Schema Self Printing - softworkz/ffmpeg_output_apis GitHub Wiki

Motivation

When outputting data in a structured and machine-readable format, it is typically done with the intention of further processing it with other applications, tools or data systems. Developing any of those requires precise knowledge about the data formats and structues they will be dealing with. Formats which are intended for data exchange like XML, JSON or YAML allow to define the data content via schema definitions. These days, a lot of tooling exists already which makes consumption of data easy by auto-generating program code from those schema definitions, that's why schemas don't only have an informational but also a very practical and valuable purpose.

Current Situation

At the time of writing there exists only one such schema, which is for XML output generated by ffprobe and available from this URL:

http://www.ffmpeg.org/schema/ffprobe.xsd

Currently, the xsd file is manually update by developers on each change to the ffprobe output. While this procedure has been working well for more than a decade, it also has a few disadvantages:

Developers need to update the schema file manually
There are no schema definitoins for JSON or YAML
The URL is not easy to discover
The published schema doesn't necessarily correspond to the ffprobe version one is using

For ffprobe output alone, these points might not make a strong enough case but in the light of the intended direction of making AVTextFormat a public API within FFmpeg allowing it to be used for more than just FFprobe output, and also considering the evolvements of common practices towards formats like JSON and YAML, it would surely be beneficial to have an integrated way for providing data schemas.

Proposal

The idea is simple and straightforward: FFmpeg/FFprobe should be able to provide those schema definitions directly, same like the data is output already.

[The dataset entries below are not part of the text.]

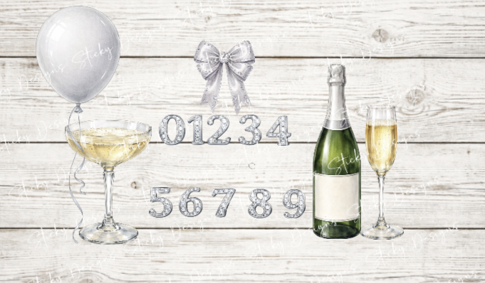 Denim jacket with flowers and without flowers, diamond, champagne flute and saucer, champagne bottle, bow and 0-9 diamanté numbers, lot's of uses with these designs
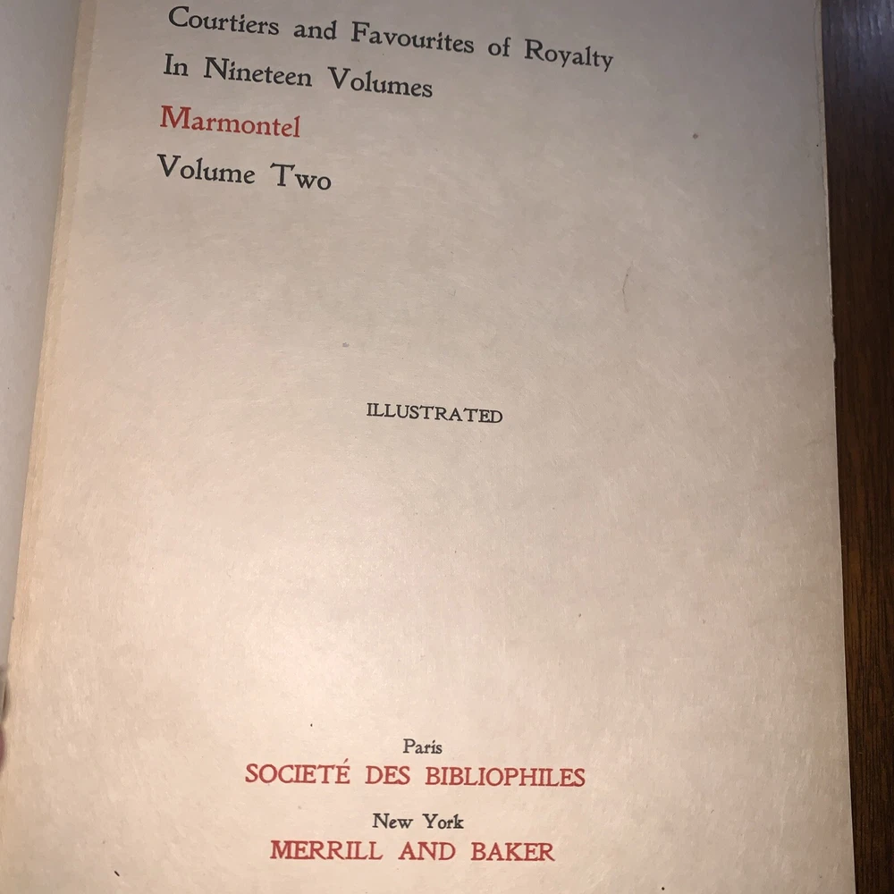 This set of 9 leather-bound volumes titled "Courtiers and Favorites of Royalty" is a limited edition biography and autobiography collection published by Merrill and Baker in 1900. The books are numbered and have luxurious illustrations, making them a great addition to any collector's library. The author, Marmontel, provides an insightful look into the lives of royalty, with a focus on their courts and favorites. The set is an original copy and is in excellent condition, perfect for anyone interested in history, biography, or literature.
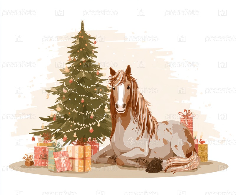 Праздничная лошадь отдыхает рядом с украшенной рождественской елкой, вокруг которой красочные подарки
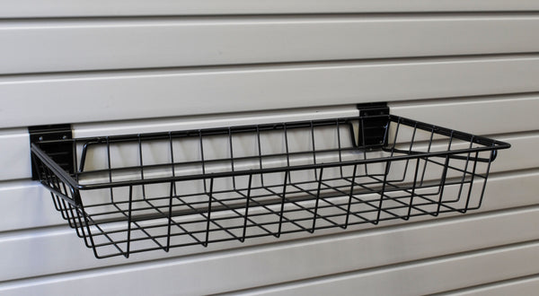 Features metal spring-loaded pin for snapping into slatwall. Unlimited storage uses for fertilizers, car supplies, toys, sports gear, and more. Ventilated basket allows air movement, visibility, and keeps harmful items out of reach.
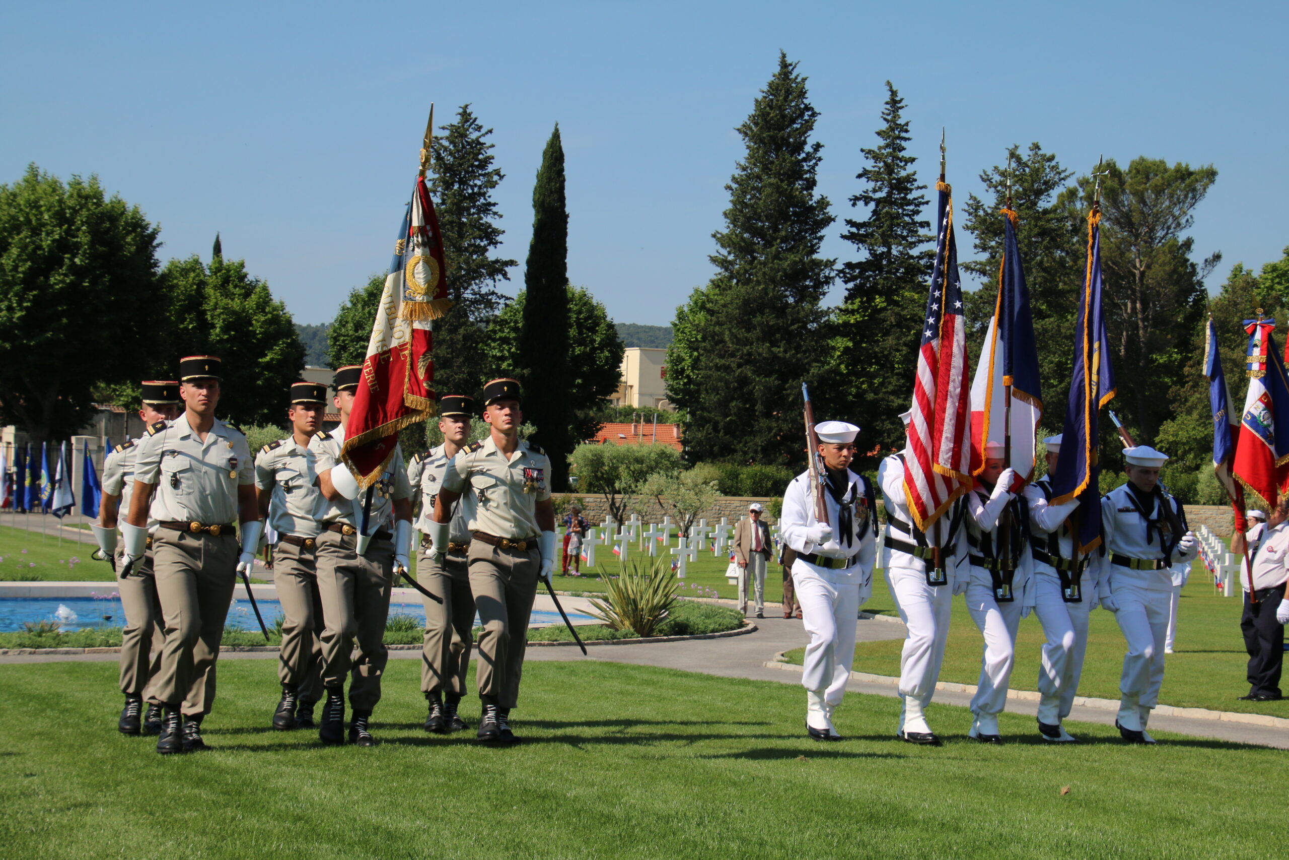 Members of the French and American military participated in the 2017 Memorial Day Ceremony at Rhone American Cemetery. Image courtesy of Michel Delanoy.

For a hand-curated schema it would be a tedious effort to provide schema definitions for multiple formats, but if these would be machine-generated, it would be easy to proide them for formats like JSON or YAML as well, and for all outputs from the AVTextFormatter APIs.

How?

The easy part is about elements/types and the hierarchy structure: Pretty much all of this can be inferred from the AVTextFormatSection definitions. What's missing there are the individual members that are output for each element and their types - that's crucial information. So how can we get to know about which fields are printed? The C language doesn't have any kind of reflection cabilities, that would make it easy... Of course we could add all fields and their types to the section definitions, but that would be an awful duplication with high chances to get out-of-sync with the actually printed fields. What remains is the only other way I could think of:

Capturing the fields from the output!

SchemaProxy

To give this a try, I have created a new AVTextFormatter, avtextformatter_schemaproxy.

Recording Phase
- The schemaproxy formatter does nothing in print_section_header and print_section_footer, but in the other print_ functions:
- It maintains one dictionary for each section type. Whenever a value is printed, it adds/sets the name of the field as key and the data type as value in the dictionary for that section.
- It doesn't print any actual output... ...until print_section_footer is called for the top-level element
Output Phase Now it is getting active itself
- Creates the actual AVTextFormatter specified by the user
- (TODO) Calls an API of the (schema-capable) formatter making it print the schema for its specific format, by supplying
  - The section definitions
  - The dictionary for each section with the recorded fields

The last bullet point isn't implemented yet, but what is done already is the "Schema Diagram Output" (see down below).

Something is Missing...

...in case you are wondering already: yes that's right. How does the whole procedure get even initiated? With a regular command line for probing, specified by the user? In that case - how to make sure that it outputs a complete schema? If we operate on a command line provided by the user, it's very unlikely that it would cover all of the defined sections, and in turn there would be missing fields in the generated schema.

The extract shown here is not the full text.